▶ Supplied information
--*--

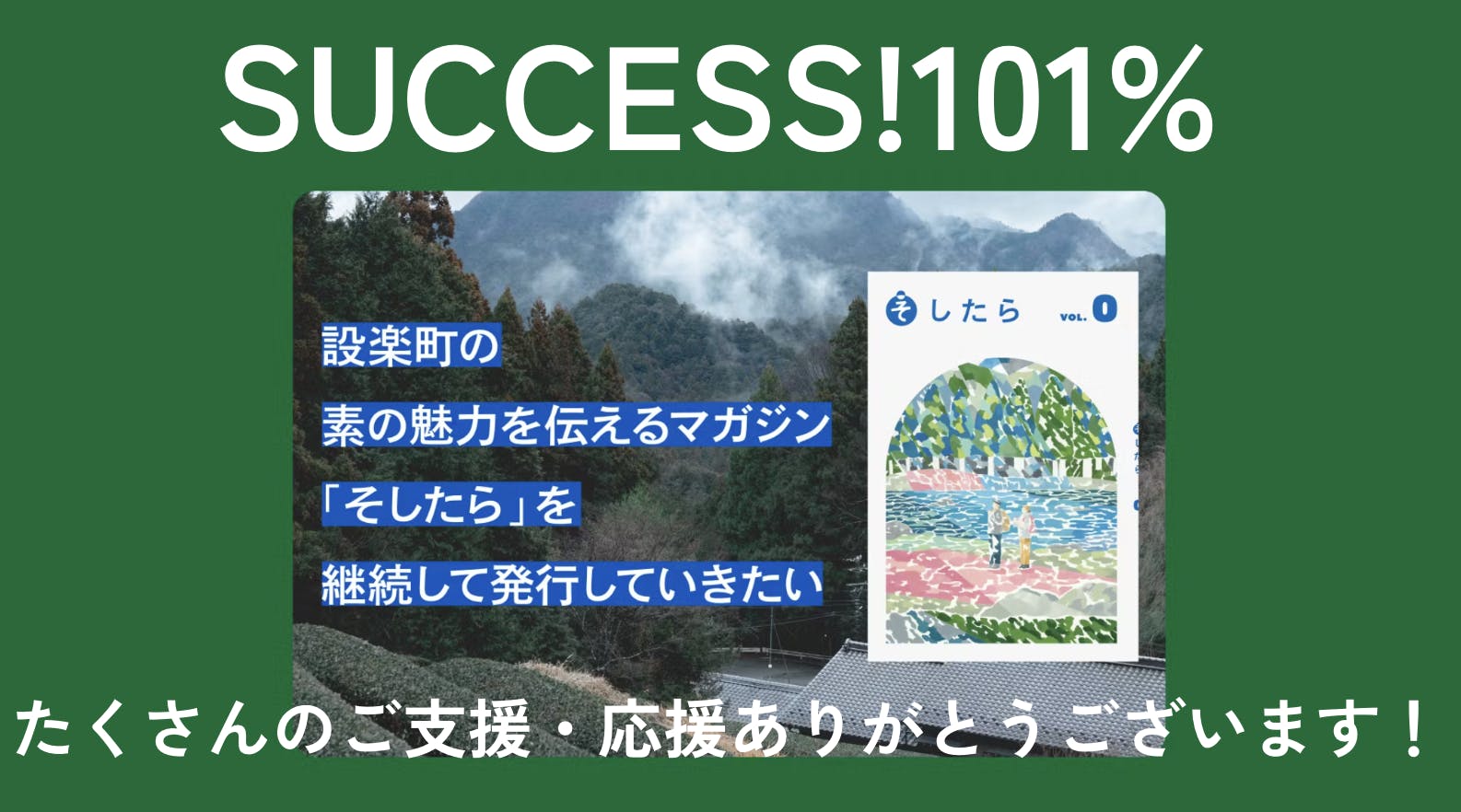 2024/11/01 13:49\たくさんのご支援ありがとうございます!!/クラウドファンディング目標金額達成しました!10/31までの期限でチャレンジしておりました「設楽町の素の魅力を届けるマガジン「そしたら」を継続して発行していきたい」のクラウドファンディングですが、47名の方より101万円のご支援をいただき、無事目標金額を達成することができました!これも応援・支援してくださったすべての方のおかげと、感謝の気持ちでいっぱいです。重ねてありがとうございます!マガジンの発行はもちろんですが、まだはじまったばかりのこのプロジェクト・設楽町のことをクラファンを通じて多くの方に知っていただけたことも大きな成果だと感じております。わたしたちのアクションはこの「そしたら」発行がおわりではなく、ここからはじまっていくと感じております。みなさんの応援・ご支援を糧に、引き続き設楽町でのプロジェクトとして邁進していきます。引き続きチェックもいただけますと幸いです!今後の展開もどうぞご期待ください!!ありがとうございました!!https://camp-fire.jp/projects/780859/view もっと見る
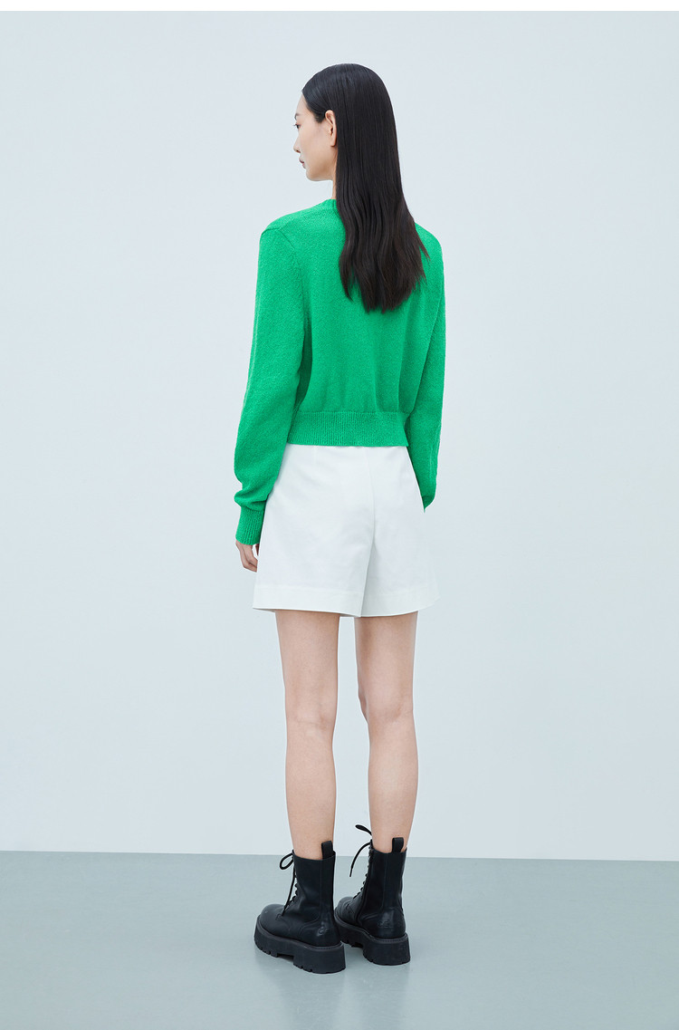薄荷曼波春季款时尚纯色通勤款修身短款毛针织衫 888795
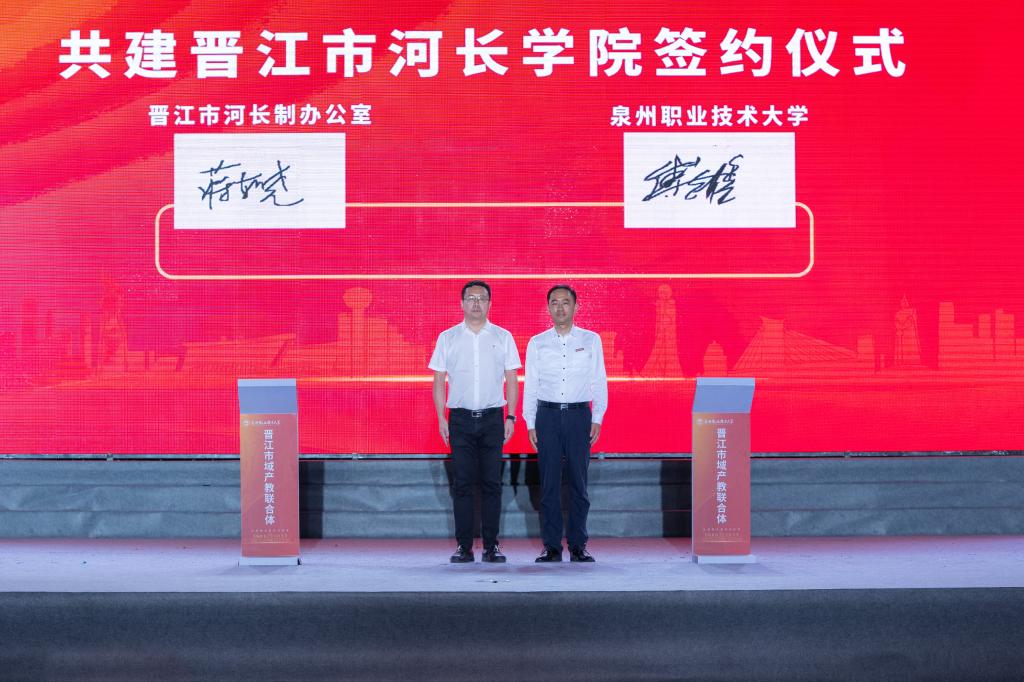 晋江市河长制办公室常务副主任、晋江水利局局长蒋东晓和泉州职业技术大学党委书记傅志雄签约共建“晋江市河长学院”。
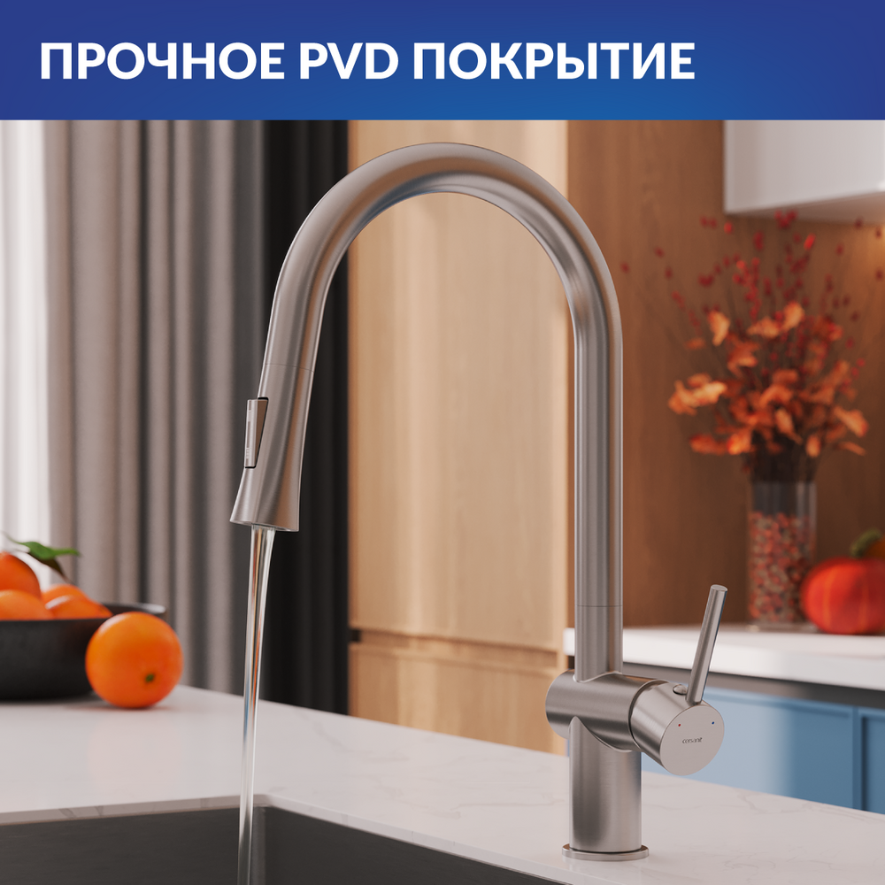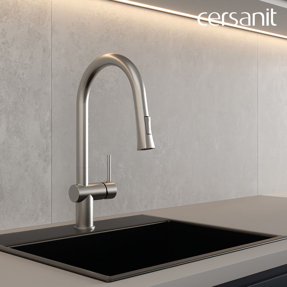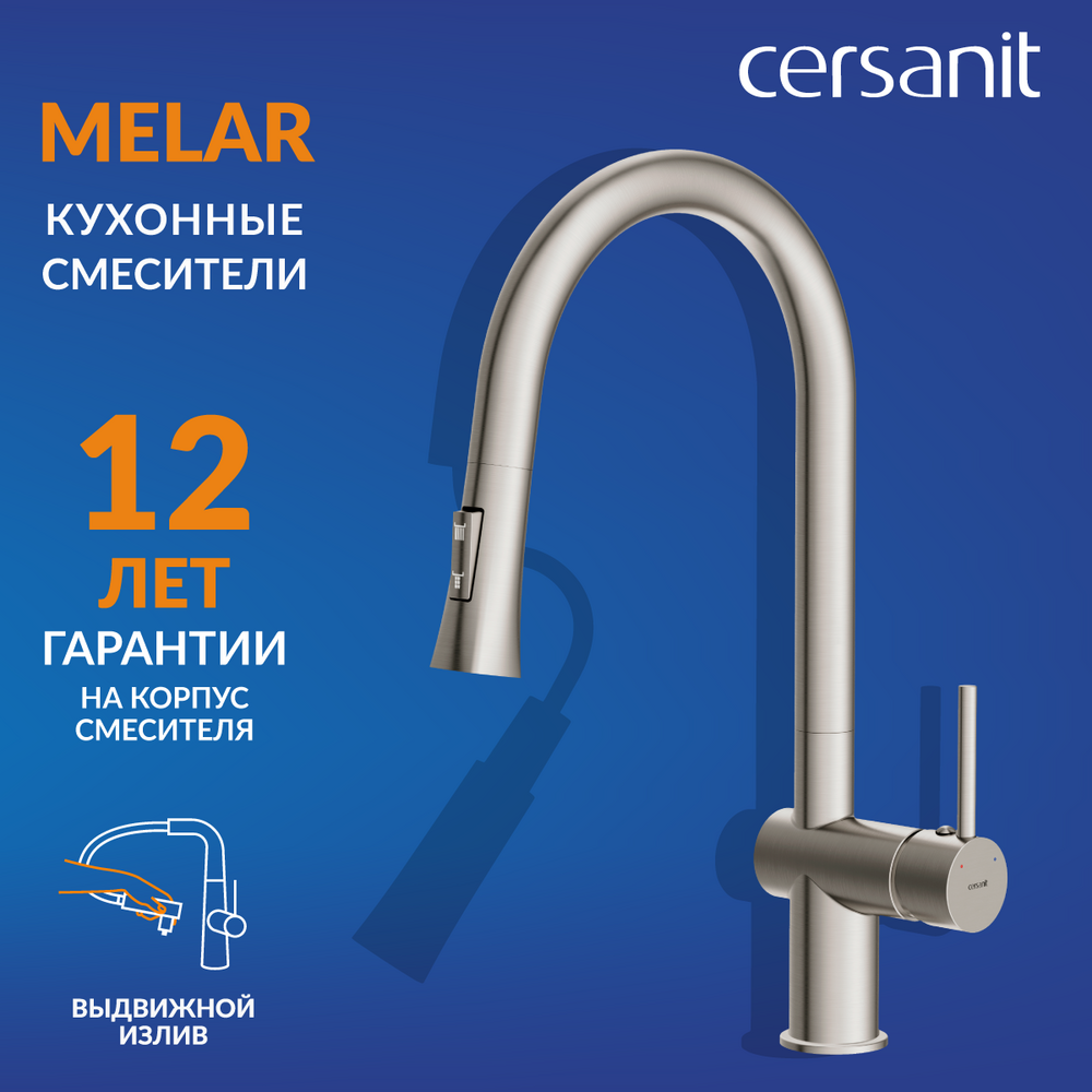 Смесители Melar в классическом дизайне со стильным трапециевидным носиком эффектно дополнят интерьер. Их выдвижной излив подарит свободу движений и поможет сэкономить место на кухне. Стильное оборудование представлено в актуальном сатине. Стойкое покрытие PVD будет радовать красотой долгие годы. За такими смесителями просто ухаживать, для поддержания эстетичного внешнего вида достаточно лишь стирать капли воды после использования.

--*--

▶ Task
Pictures stay out; everything else in the listing above gets restated word for word.

▶ Response below
 2024/11/01 13:49\たくさんのご支援ありがとうございます!!/クラウドファンディング目標金額達成しました!10/31までの期限でチャレンジしておりました「設楽町の素の魅力を届けるマガジン「そしたら」を継続して発行していきたい」のクラウドファンディングですが、47名の方より101万円のご支援をいただき、無事目標金額を達成することができました!これも応援・支援してくださったすべての方のおかげと、感謝の気持ちでいっぱいです。重ねてありがとうございます!マガジンの発行はもちろんですが、まだはじまったばかりのこのプロジェクト・設楽町のことをクラファンを通じて多くの方に知っていただけたことも大きな成果だと感じております。わたしたちのアクションはこの「そしたら」発行がおわりではなく、ここからはじまっていくと感じております。みなさんの応援・ご支援を糧に、引き続き設楽町でのプロジェクトとして邁進していきます。引き続きチェックもいただけますと幸いです!今後の展開もどうぞご期待ください!!ありがとうございました!!https://camp-fire.jp/projects/780859/view もっと見る
薄荷曼波春季款时尚纯色通勤款修身短款毛针织衫 888795
 晋江市河长制办公室常务副主任、晋江水利局局长蒋东晓和泉州职业技术大学党委书记傅志雄签约共建“晋江市河长学院”。
 Смесители Melar в классическом дизайне со стильным трапециевидным носиком эффектно дополнят интерьер. Их выдвижной излив подарит свободу движений и поможет сэкономить место на кухне. Стильное оборудование представлено в актуальном сатине. Стойкое покрытие PVD будет радовать красотой долгие годы. За такими смесителями просто ухаживать, для поддержания эстетичного внешнего вида достаточно лишь стирать капли воды после использования.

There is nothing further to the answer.